The mess in the petroleum sector is nothing new. It’s just the bad legacy of political inaction. As a country that depends entirely on petroleum imports and has little cash to spare, Nepal simply cannot continue with is subsidy regime. Every politician acknowledges this fact. But when the time comes to take the rational decision, governments always let the issue linger.



This indecisiveness has pushed NOC, the state-owned petroleum import monopolist, into a cumulative loss of Rs 19 billion. Its outstanding loan has jumped to Rs 21 billion, an amount that could easily have funded a thermal plant of 100 MW capacity. Worse still, the government has yet to plug the import-retail price gap.



Thanks to ad hoc decision-making, the corporation -- which is suffering a net loss of Rs 17.84 per liter of diesel, Rs 1 per liter of petrol, Rs 7 per liter kerosene and Rs 431 per cylinder (14.2 kgs) of liquefied petroleum gas -- is finding that its funds are depleting by Rs 1.5 billion a month. With such huge losses, no organization, no matter how efficient and clean, can ensure smooth supplies, leave aside a corrupt and inefficient outfit like NOC.



With Minister for Commerce and Supplies Lekh Raj Bhatta himself attributing the shortage to the huge losses and seeing no improvement in the situation unless these are plugged, the supply will continue to remain a mess.
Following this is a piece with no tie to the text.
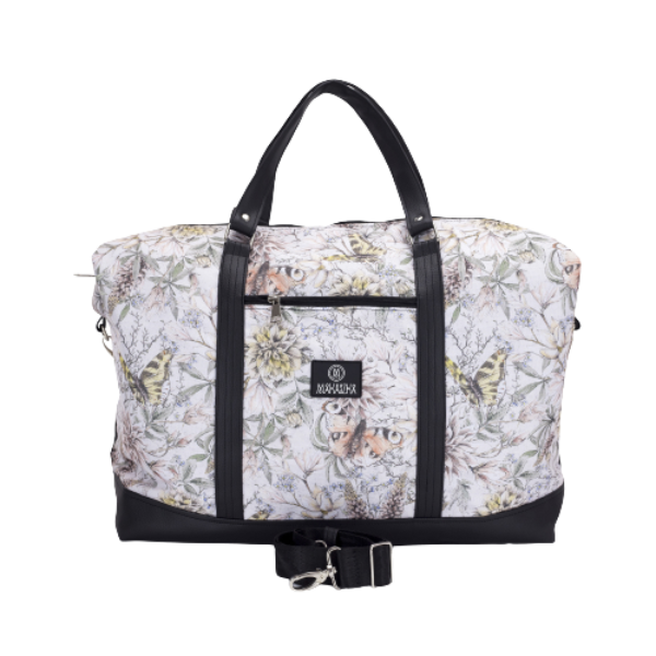 Torba weekendowa Makaszka we wzorze Dream Garden zastąpi walizkę na kólkach i umili każdą podróż. Wyjeżdżasz na kilka dni i nie potrzebujesz nudnej walizki? Duża torba od Makaszka idealnie sprawdzi się podczas każdej podróży, została uszyta z tkaniny odpornej na działanie wody, ścieranie i promieniowanie UV. Elegancka, stylowa, w piękne wzory torba to idealny towarzysz podróży. Środek torby wykonany został z nieprzemakalnej podszewki, która jest odporna na zabrudzenia. Fantastyczna torba na weekendowy wyjazd, jako bagaż kabinowy, torba do szpitala, czy torba na basen i siłownię. Poznaj funkcjonalne cechy Torby weekendowej Makaszka : zamykana na zamek, posiada wewnątrz obszerną kieszeń zamykaną na suwaczek oraz komplet mniejszych kieszonek, po zewnętrznej stronie torby znajduje się podręczna kieszonka zapinana na suwak, torba posiada na zewnątrz szeroką szlufkę z kieszonką umożliwiająca zamontowanie torby na walizce, po bokach torby znajdują się karabińczyki umożliwiające zmniejszenie jej rozmiaru, posiada regulowany pasek na ramię o długości 80-100cm, ma wygodne rączki z ekoskóry o długości 50cm, torba ma wzmocnione i usztywnione dno z ekoskóry oraz metalowe nóżki do dodatkowej ochrony. Torbę można skompletować z innymi produktami Makaszka, a jej idealnym dopełnieniem będzie wodoodporna kosmetyczka. Doskonale sprawdzi się jako stylowy prezent dla każdej kobiety. Wszystkie Torby weekendowe Makaszka są szyte ręcznie w Polsce z zachowaniem najwyższej staranności i dbałością o szczegóły. Wymiary: 55×36 cm, dno: 50×25 cm.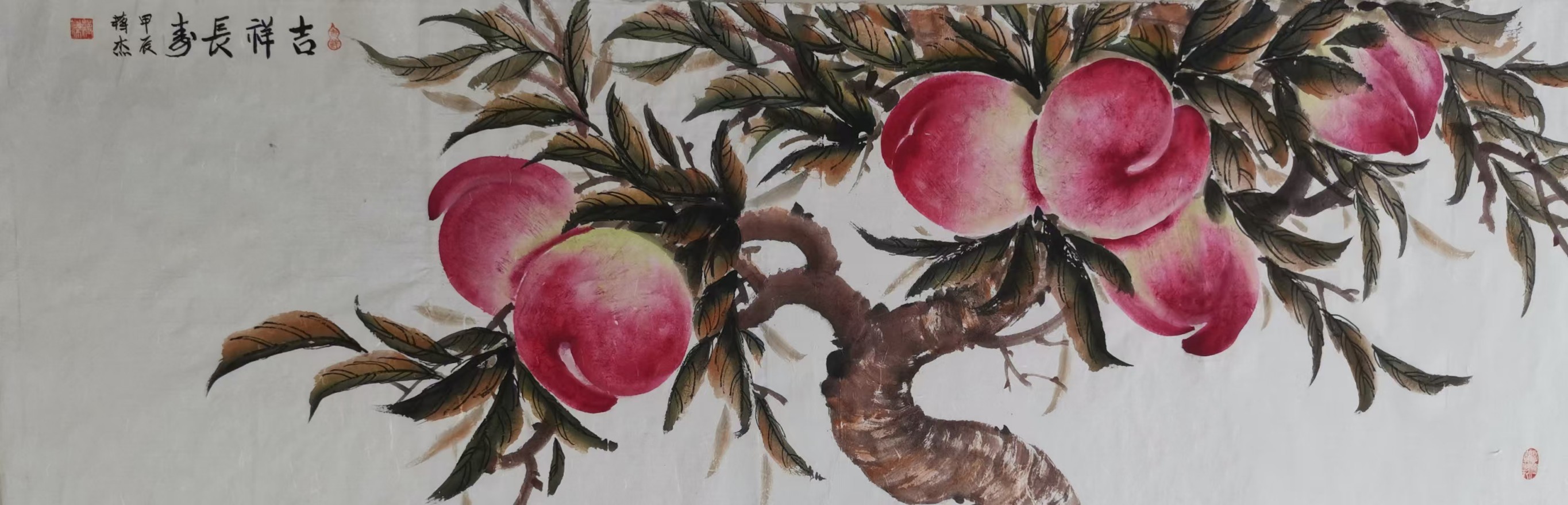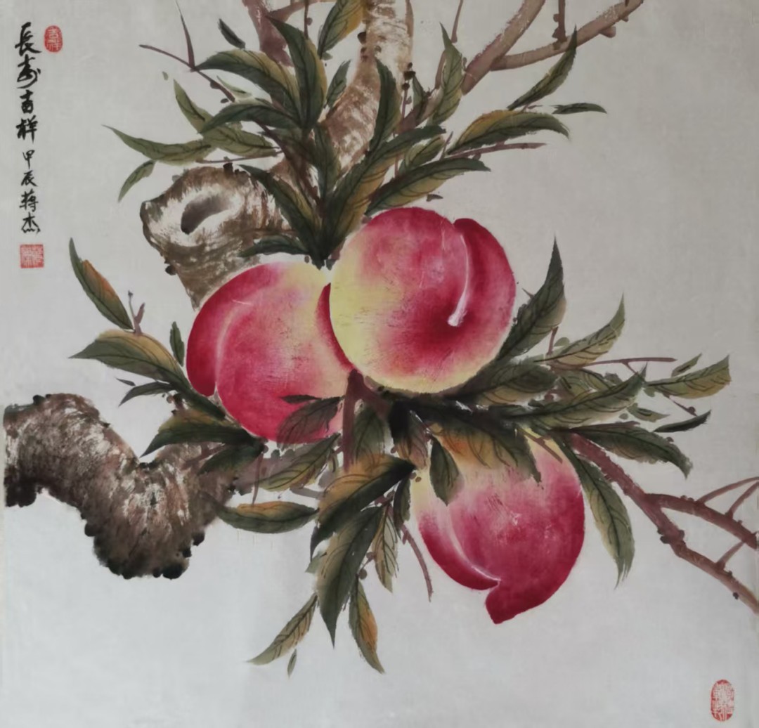 蒋杰先生自幼痴迷中国传统文化,信奉道法自然,知行合一。先后师从李淑华和贾进考两位老师,甚得二老喜爱,并获悉心指导。其专攻寿桃创作,潜心钻研,形成了独特的艺术风格。细赏其画作,笔法娴熟、构图巧妙,整幅作品即得古风,又赋新意。那颗颗桃子粉嫩娇艳、令人垂涎欲滴。其画作端庄秀丽,尽显福寿祥瑞之气,多于写实和写意之间营造出朴实清新之韵味,备受书画收藏者推崇。

We totally agree, Minister Bhatta, that Nepal cannot sustain such losses, that there must be adjustment of petroleum prices in line with international trends.



However, we would like to point out that merely realizing this will not end the problem. The government must act accordingly. People queuing at petrol pumps are fed up with mere rhetoric.



We urge the government to immediately give up its ad hoc pricing system and introduce a scientific, automatic price mechanism. Simply doling out hefty loans to NOC is not going to work. The government must deregulate prices in a planned manner, bring in the private sector and induct competition. This alone will serve consumers and the economy as a whole in the long run.